- Portrayed by: Eileen Mayers
- Duration: 1961–1963, 1966, 1969, 1974
- First appearance: Episode 8 4 January 1961
- Last appearance: Episode 1431 2 October 1974
- Created by: Tony Warren
- Introduced by: Tony Warren (1961) H.V. Kershaw (1962, 1969) Peter Eckersley (1966) Susi Hush (1974)

= Sheila Birtles =

Fictional character from Coronation Street

Sheila Birtles (also Crossley) is a fictional character from the British ITV soap opera Coronation Street. She was portrayed by actress Eileen Mayers. The character is known for her "controversial" suicide plot which was ultimately axed.

==Casting==
Mayers left the series in 1963 and was asked to return for two episodes in 1969. In 1974, the actress returned to filming for another stint as Sheila.

==Storylines==
Through his many faults, Sheila falls hard for Neil Crossley (Geoffrey Matthews), so much so, that she does not see how badly he treated her.

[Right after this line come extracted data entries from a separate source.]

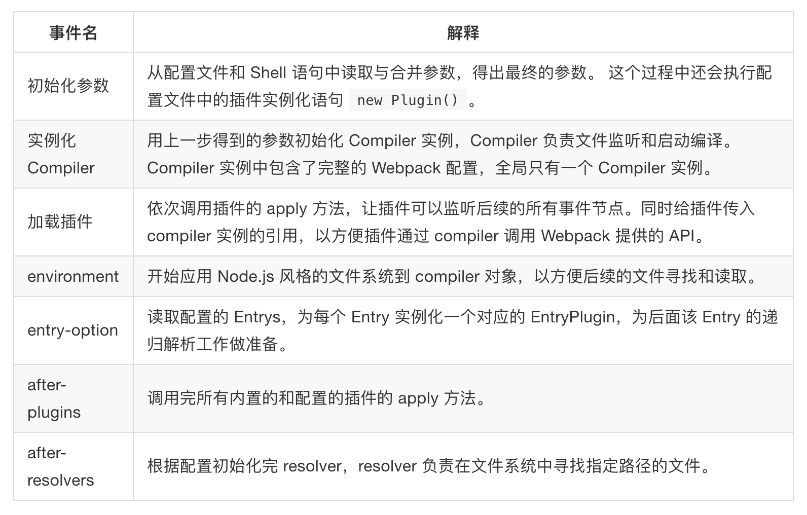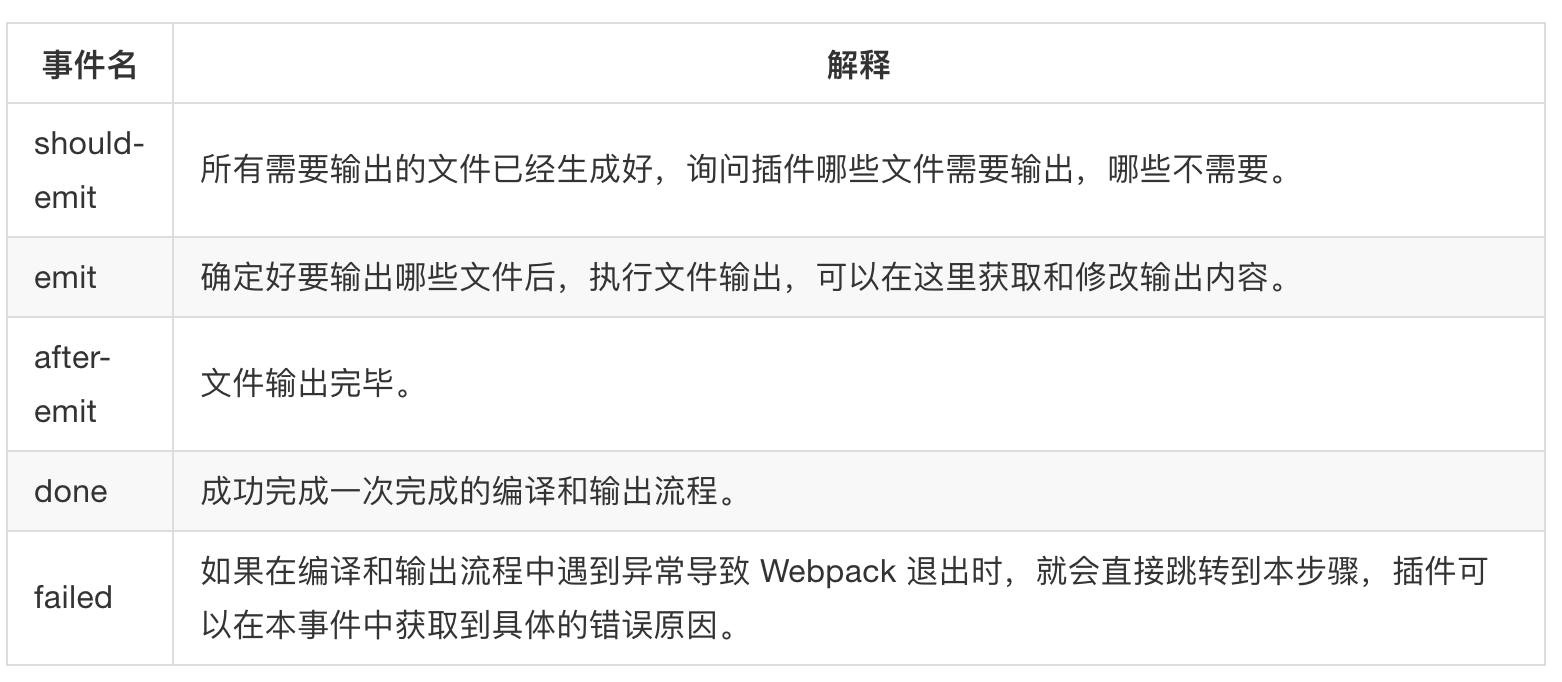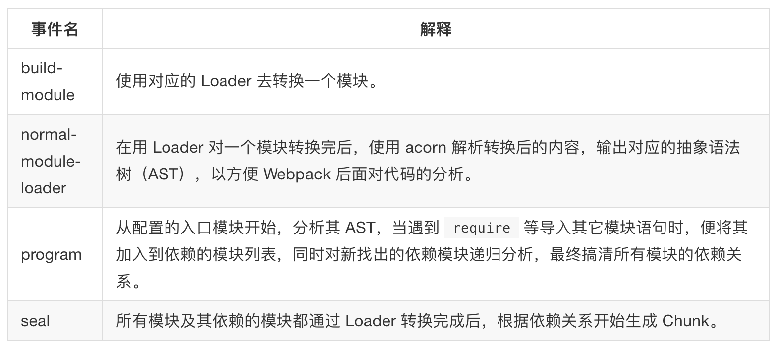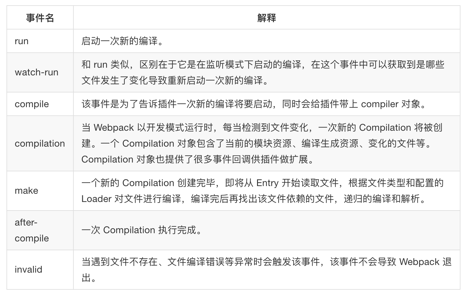 在编译阶段中,最重要的要数 compilation 事件了,因为在 compilation 阶段调用了 Loader 完成了每个模块的转换操作,在 compilation 阶段又包括很多小的事件,它们分别是:
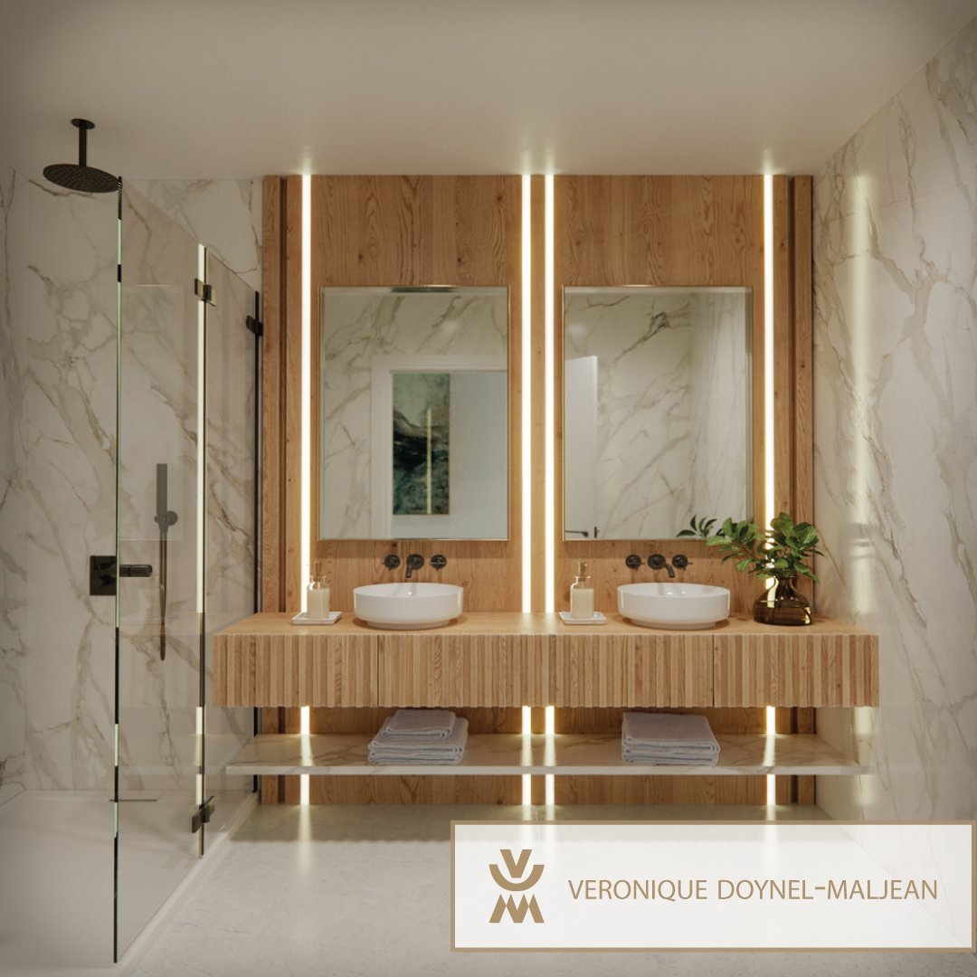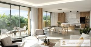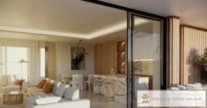 Interiormente las viviendas contarán con suelos porcelánicos de gran formato, carpintería de aluminio de gran calidad de suelo a techo, cocinas de diseño con isla, baños con sanitarios de alta gama, sistema de climatización por aerotermia, suelo radiante y domótica.
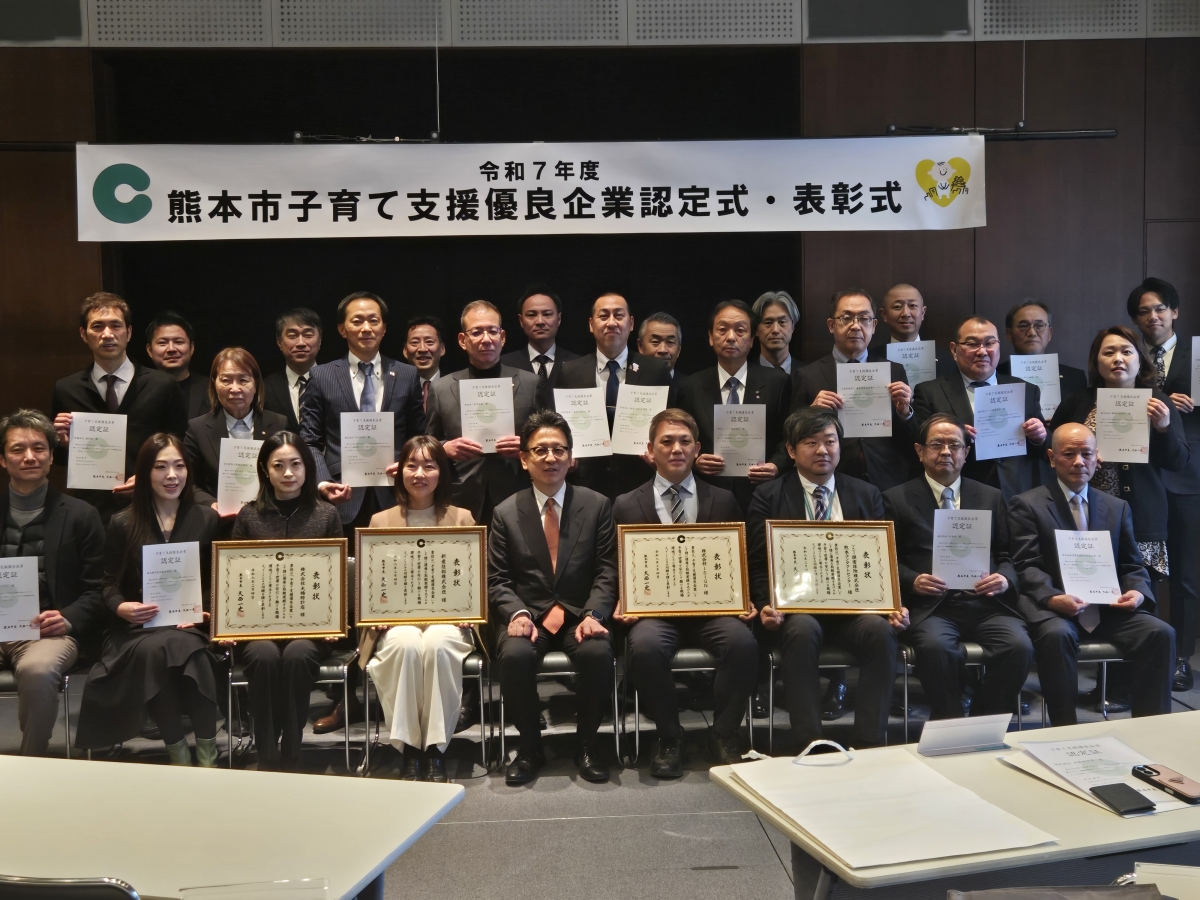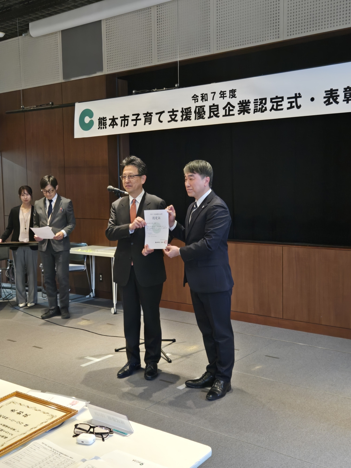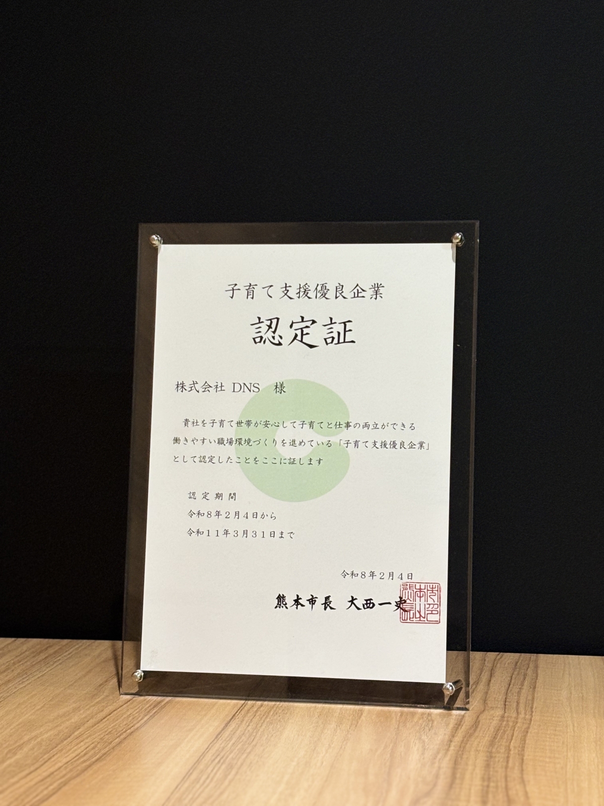 このたび株式会社DNSは、子育て世帯等が安心して子育てと仕事を両立できる、働きやすい職場環境づくりに取り組む企業として、「令和7年度 熊本市子育て支援優良企業」の認定を受けました。
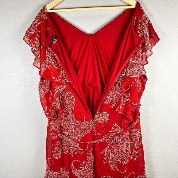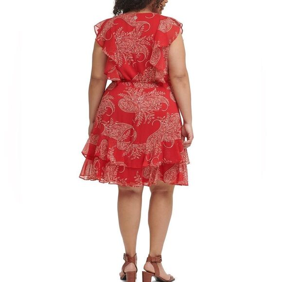Tommy Hilfiger dress, paisley print dress, red ruffle dress, knee length fit and flare, plus size dress 22W, tie waist dress, V neck ruffle dress, classic red dress, feminine paisley dress, party dress, summer event dress, NWT Tommy Hilfiger, curvy fit and flare, flattering waist tie dress
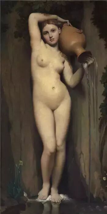 脱胎于《阿纳底奥门的维纳斯》的《泉》,场景更加单纯,人物体态更加自然,画面更加典雅抒情。《泉》是如此完美地描绘了女性的美,以致于这部作品完成后:“同时出现了五个买主,有人简直向我猛扑过来。他们争执不休,我几乎要让他们抓阄来决定。”
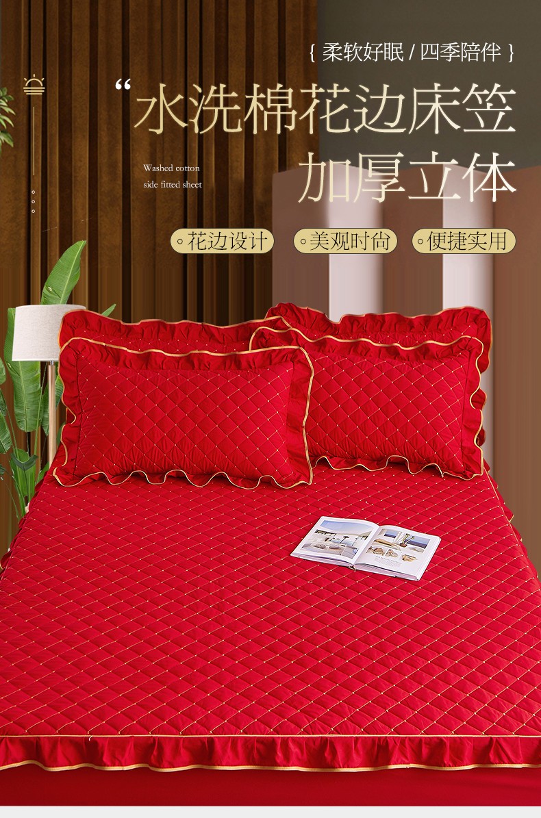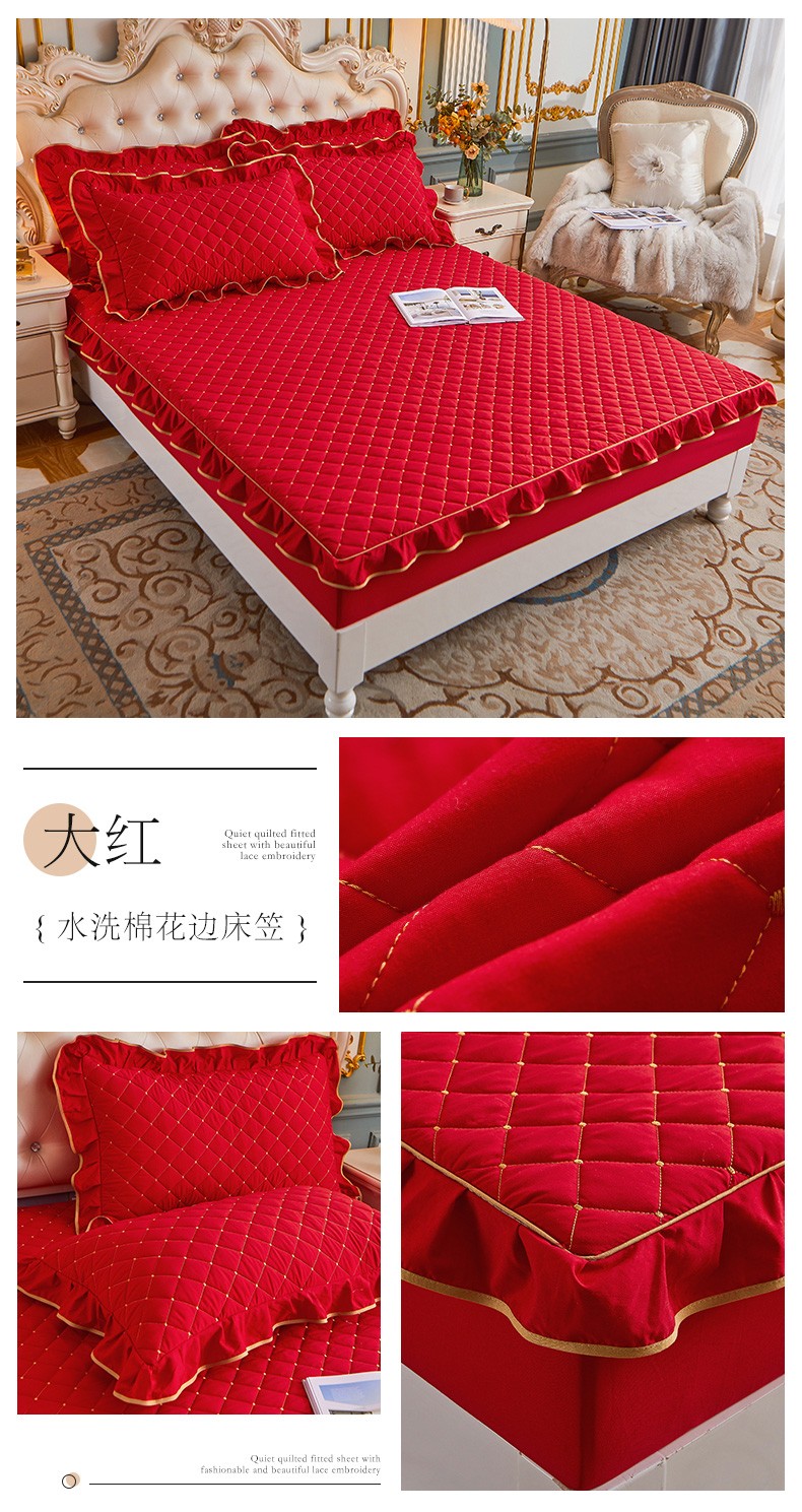 屹成 2024新款水洗棉蕾丝四季款床笠床裙单品套件-床笠三件套 大红

Neil only thinks of Sheila as a bit of fun, and after he stands her up on a date, she confronts him. Angered, Neil hits Sheila and leaves, leaving her devastated and she sinks into a deep depression. She pushes her friends away, and loses her job for not turning up. After she and Neil meet again, and he tells her in no uncertain terms that they are over, Sheila attempts suicide, but is found by Dennis Tanner (Philip Lowrie). On the doctor's recommendation, Sheila leaves Weatherfield, and moves in with her parents. Whilst there, Sheila discovers she is pregnant and gives birth to a baby boy in 1964, who she names Danny, before giving him up for adoption.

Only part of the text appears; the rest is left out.